◆ Work item:
Copy the records below line by line and word for word, from the very first line through the line with "Before entering the", omitting each picture.

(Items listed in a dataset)

◇ ◇ ◇ ◇

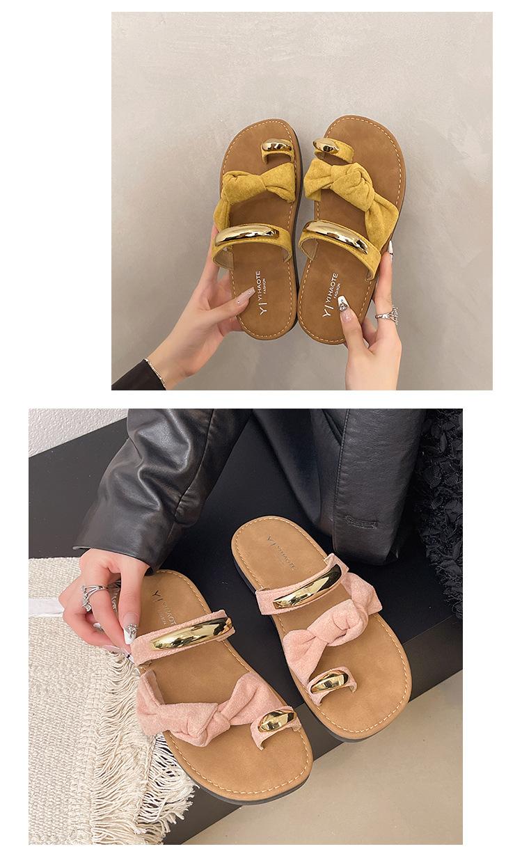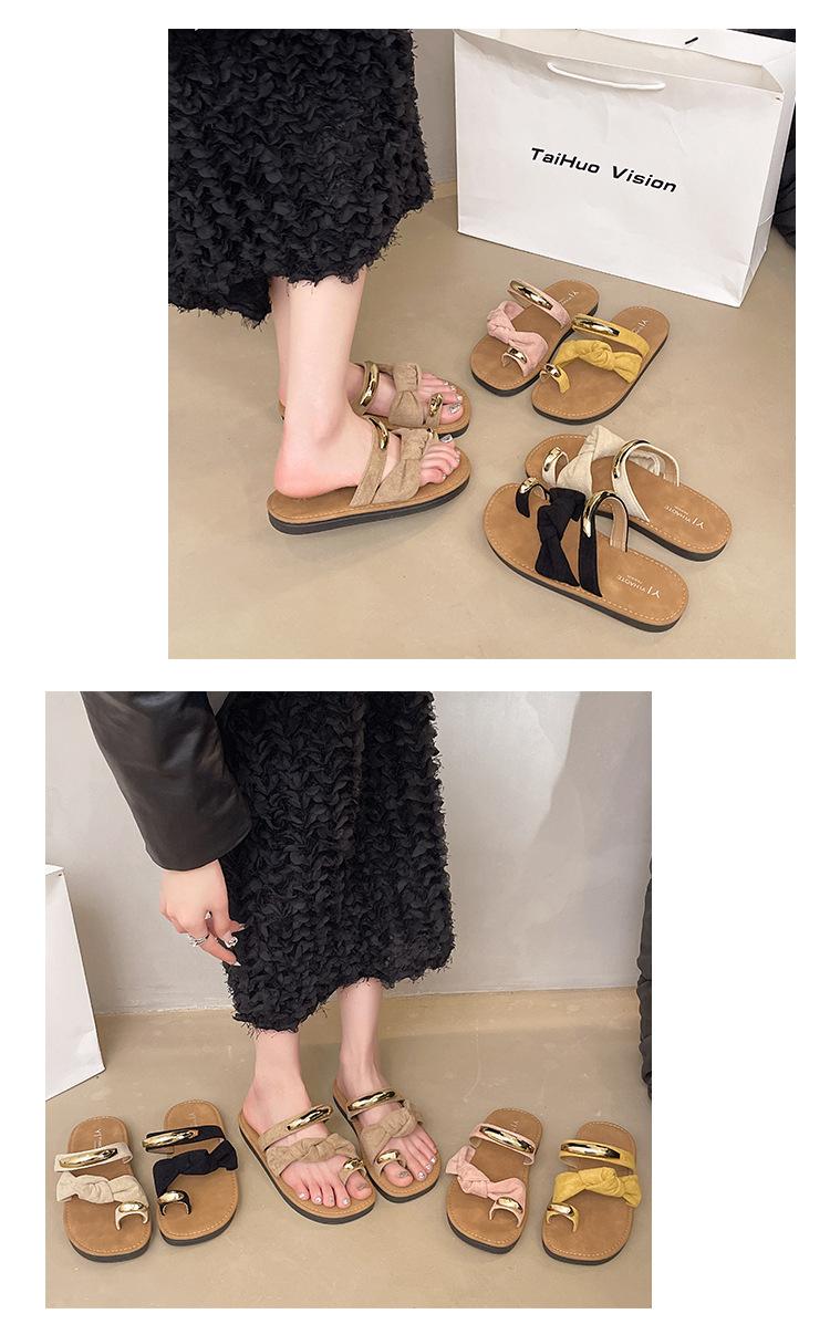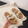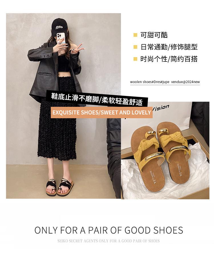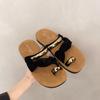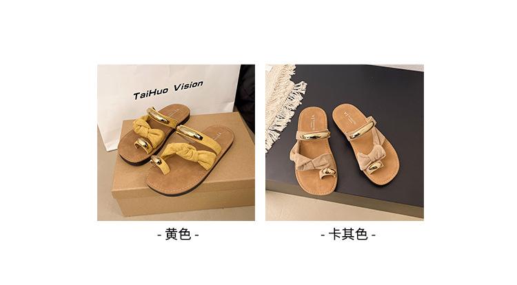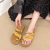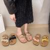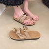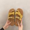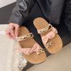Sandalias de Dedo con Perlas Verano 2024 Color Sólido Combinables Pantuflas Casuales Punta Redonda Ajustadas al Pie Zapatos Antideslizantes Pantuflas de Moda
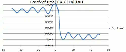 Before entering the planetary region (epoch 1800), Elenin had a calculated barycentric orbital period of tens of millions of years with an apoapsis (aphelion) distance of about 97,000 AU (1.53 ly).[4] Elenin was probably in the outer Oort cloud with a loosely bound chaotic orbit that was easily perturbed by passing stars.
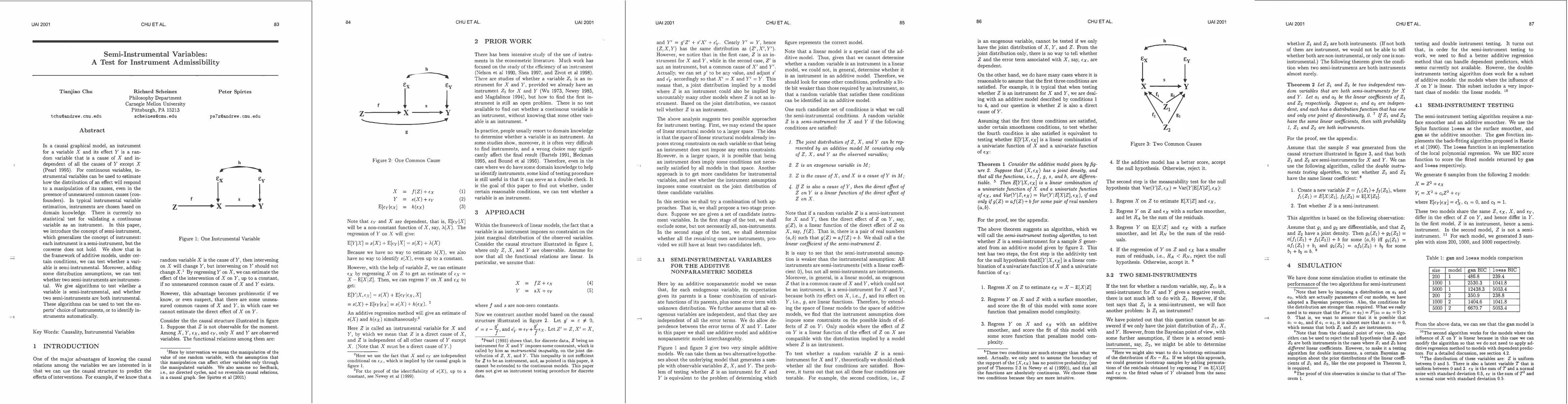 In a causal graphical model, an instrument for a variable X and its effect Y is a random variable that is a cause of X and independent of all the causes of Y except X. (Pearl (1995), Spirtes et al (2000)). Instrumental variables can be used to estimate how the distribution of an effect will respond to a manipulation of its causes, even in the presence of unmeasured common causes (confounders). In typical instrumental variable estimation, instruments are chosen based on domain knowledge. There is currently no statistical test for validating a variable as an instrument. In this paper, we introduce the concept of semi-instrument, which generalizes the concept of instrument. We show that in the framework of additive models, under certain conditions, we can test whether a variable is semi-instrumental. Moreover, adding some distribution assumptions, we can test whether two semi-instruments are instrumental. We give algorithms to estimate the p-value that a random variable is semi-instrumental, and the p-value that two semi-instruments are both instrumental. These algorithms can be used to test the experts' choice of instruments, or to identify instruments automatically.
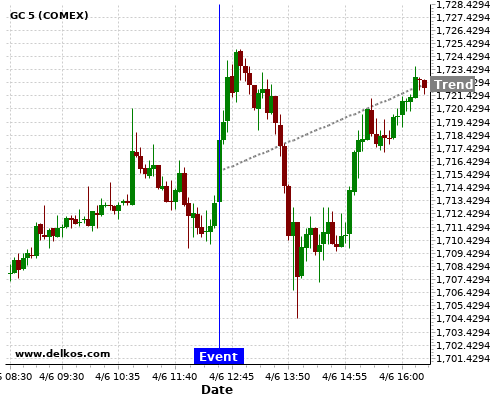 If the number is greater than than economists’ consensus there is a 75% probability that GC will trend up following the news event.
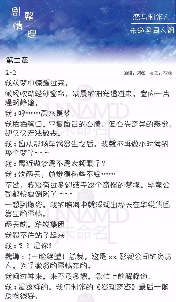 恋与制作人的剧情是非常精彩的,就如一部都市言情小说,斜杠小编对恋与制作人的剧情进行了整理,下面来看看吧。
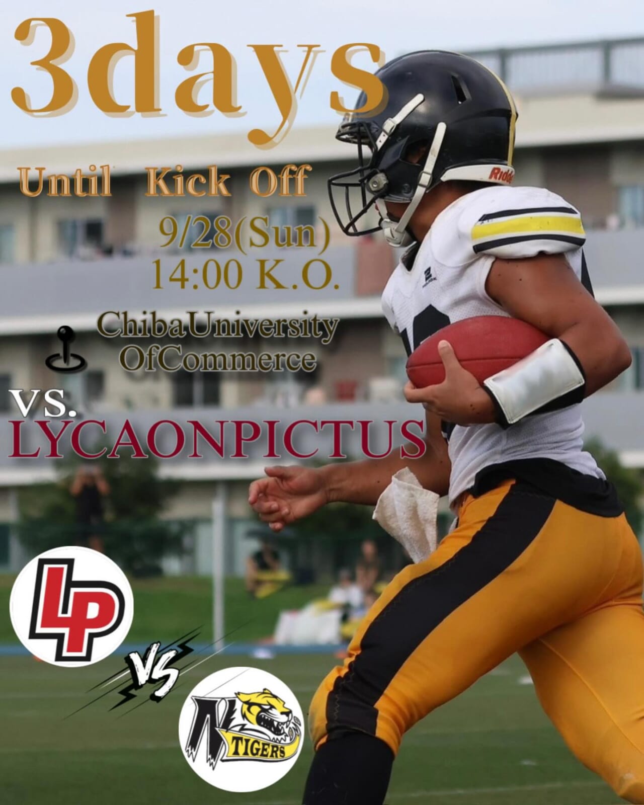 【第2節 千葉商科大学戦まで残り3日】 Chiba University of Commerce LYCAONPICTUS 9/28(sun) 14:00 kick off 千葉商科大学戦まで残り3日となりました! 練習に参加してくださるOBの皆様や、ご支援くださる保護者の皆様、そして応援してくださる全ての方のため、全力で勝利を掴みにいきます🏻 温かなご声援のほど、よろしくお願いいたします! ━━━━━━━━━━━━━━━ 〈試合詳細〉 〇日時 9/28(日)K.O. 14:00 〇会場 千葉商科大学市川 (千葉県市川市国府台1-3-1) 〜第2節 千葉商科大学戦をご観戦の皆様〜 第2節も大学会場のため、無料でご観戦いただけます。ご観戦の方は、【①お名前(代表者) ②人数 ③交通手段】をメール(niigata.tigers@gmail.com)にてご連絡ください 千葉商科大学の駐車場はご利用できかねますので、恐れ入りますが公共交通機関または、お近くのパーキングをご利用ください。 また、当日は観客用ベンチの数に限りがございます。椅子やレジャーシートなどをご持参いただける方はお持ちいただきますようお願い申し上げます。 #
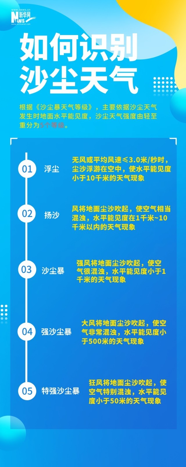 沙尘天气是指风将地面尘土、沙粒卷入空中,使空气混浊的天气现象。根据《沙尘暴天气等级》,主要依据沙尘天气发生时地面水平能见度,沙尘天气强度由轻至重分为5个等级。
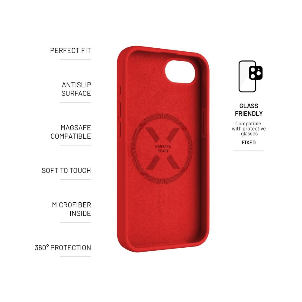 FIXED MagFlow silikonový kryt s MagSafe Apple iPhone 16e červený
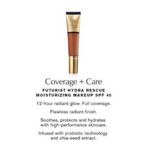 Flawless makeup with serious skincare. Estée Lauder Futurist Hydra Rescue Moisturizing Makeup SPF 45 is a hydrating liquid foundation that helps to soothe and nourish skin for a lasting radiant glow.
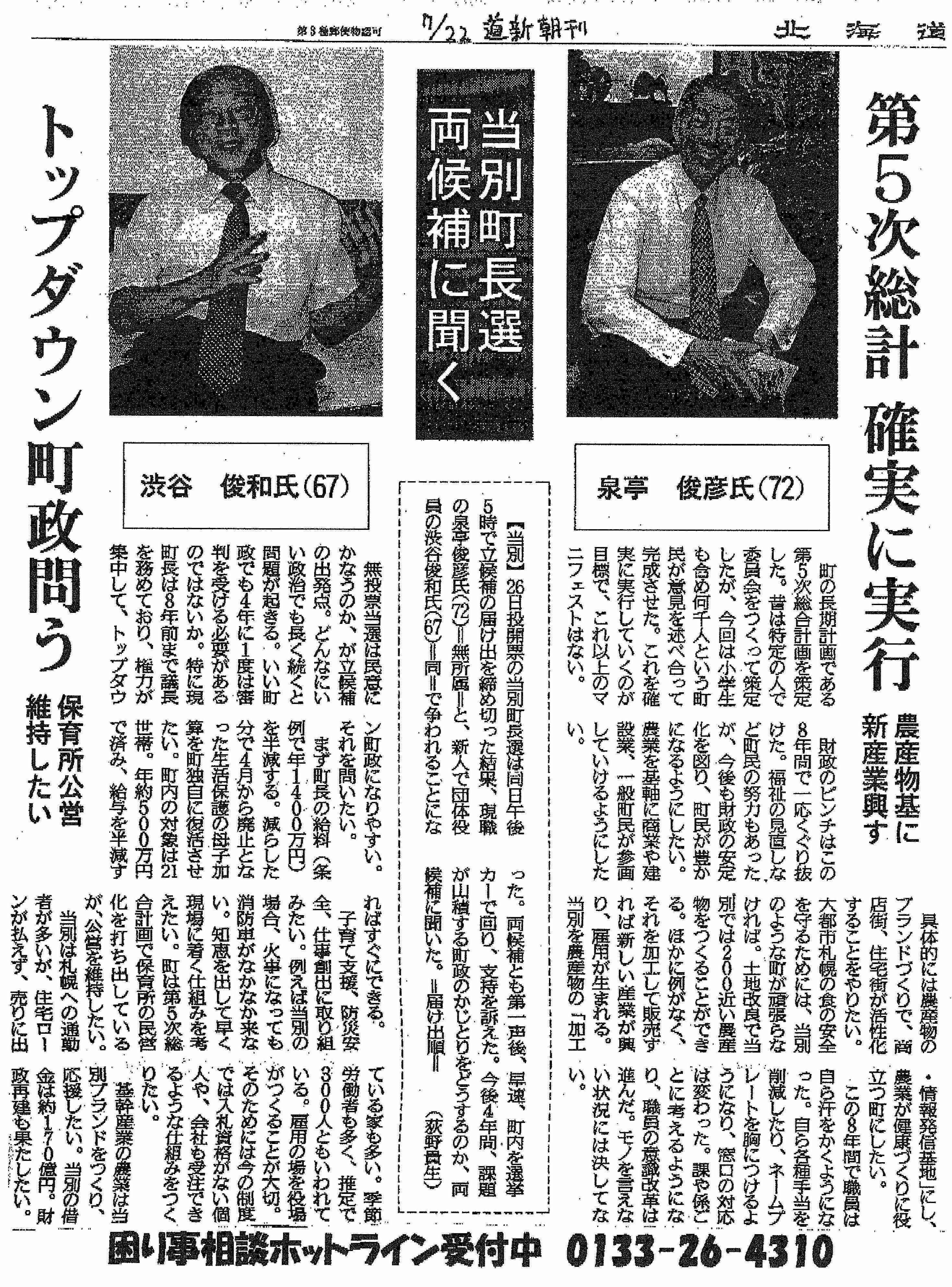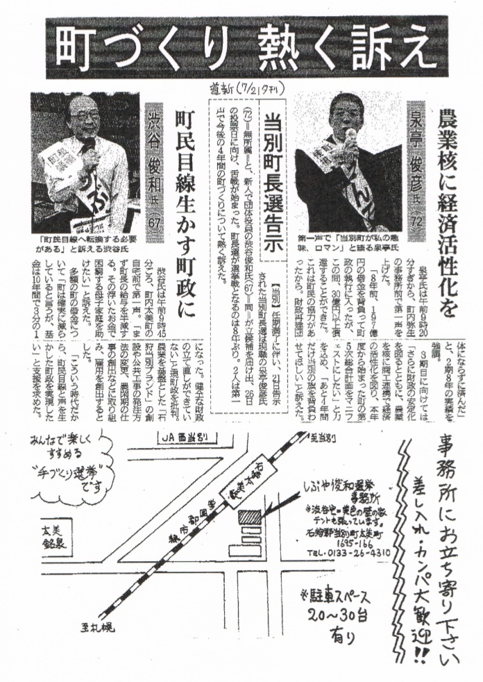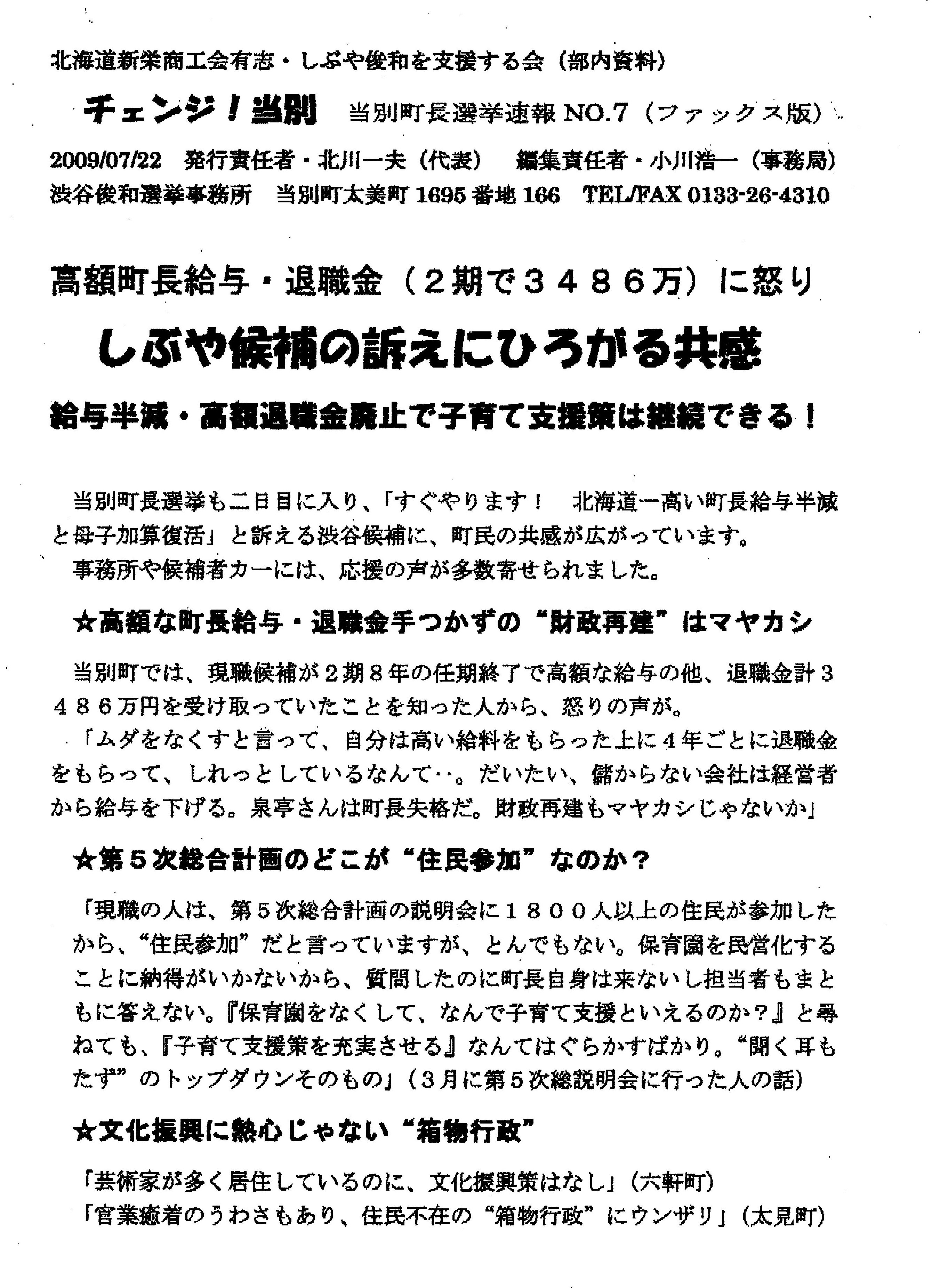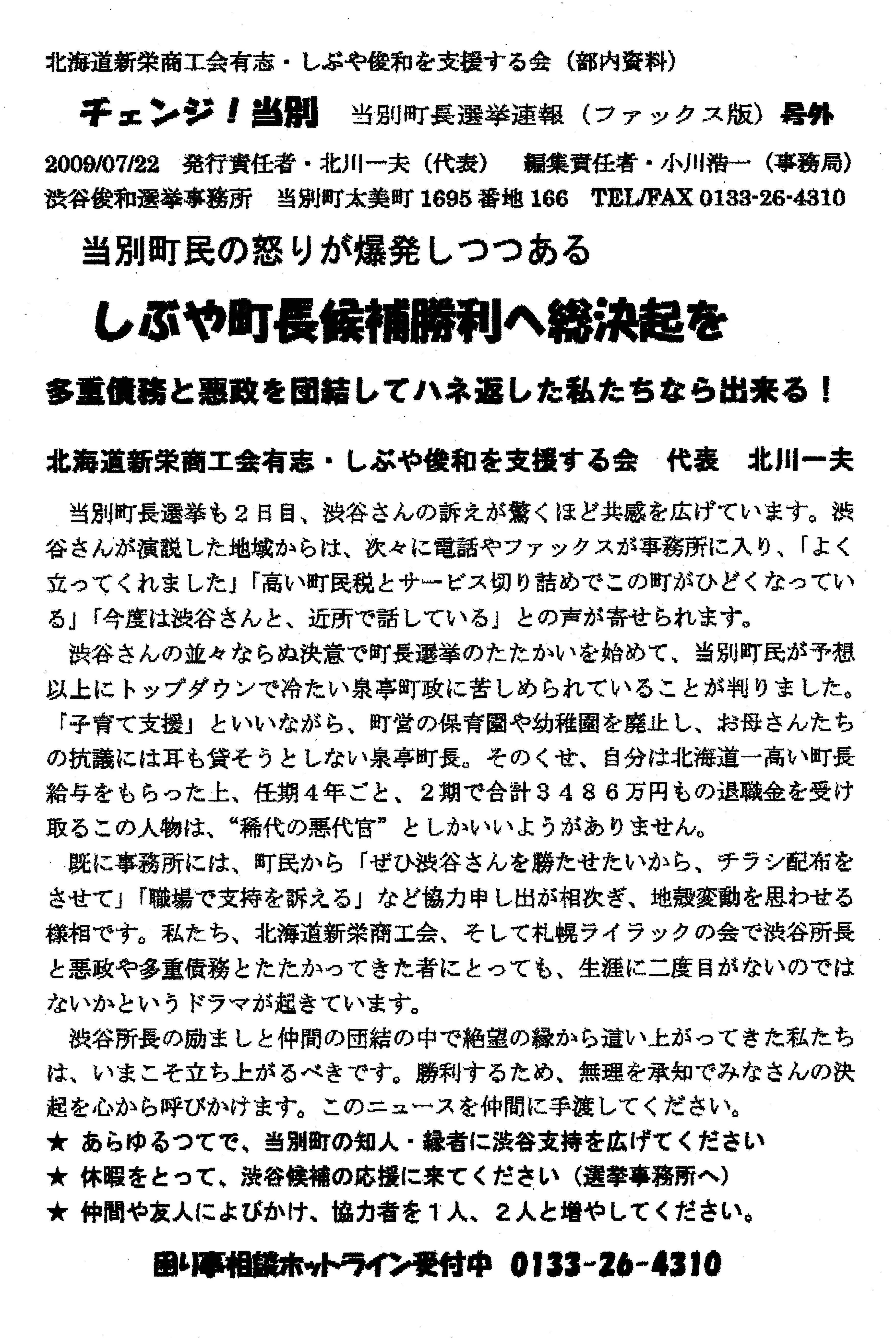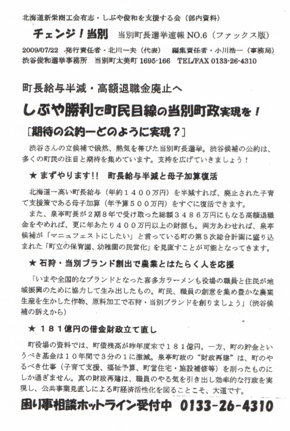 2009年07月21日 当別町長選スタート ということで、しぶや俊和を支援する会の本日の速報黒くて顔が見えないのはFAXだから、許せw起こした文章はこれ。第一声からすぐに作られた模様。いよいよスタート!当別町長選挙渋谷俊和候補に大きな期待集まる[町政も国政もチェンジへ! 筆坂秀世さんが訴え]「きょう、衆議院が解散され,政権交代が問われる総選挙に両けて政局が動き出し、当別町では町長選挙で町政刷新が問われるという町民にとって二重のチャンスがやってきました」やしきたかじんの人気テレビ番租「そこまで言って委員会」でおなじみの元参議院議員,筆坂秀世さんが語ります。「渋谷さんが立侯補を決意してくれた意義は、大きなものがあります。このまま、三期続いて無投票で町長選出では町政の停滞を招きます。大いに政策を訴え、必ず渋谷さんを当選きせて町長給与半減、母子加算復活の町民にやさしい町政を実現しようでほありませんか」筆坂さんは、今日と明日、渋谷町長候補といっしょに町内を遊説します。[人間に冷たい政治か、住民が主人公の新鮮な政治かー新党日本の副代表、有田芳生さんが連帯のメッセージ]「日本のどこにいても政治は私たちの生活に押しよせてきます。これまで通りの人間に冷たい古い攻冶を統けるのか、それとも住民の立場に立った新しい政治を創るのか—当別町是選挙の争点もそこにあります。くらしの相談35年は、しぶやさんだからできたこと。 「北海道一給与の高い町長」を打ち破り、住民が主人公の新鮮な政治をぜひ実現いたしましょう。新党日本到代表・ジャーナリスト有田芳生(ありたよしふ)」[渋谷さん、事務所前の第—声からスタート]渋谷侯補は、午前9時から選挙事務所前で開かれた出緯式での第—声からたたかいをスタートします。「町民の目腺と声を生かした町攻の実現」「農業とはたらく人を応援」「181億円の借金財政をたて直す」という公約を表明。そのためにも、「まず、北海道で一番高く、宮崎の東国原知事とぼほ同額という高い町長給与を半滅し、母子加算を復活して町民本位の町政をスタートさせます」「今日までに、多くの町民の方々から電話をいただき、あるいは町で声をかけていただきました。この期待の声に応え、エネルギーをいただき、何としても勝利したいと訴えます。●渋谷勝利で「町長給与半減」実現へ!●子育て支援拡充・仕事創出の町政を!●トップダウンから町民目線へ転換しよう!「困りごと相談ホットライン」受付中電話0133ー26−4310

◇ ◇ ◇ ◇

◆ Response for this exercise:
Sandalias de Dedo con Perlas Verano 2024 Color Sólido Combinables Pantuflas Casuales Punta Redonda Ajustadas al Pie Zapatos Antideslizantes Pantuflas de Moda
 Before entering the planetary region (epoch 1800), Elenin had a calculated barycentric orbital period of tens of millions of years with an apoapsis (aphelion) distance of about 97,000 AU (1.53 ly).[4] Elenin was probably in the outer Oort cloud with a loosely bound chaotic orbit that was easily perturbed by passing stars.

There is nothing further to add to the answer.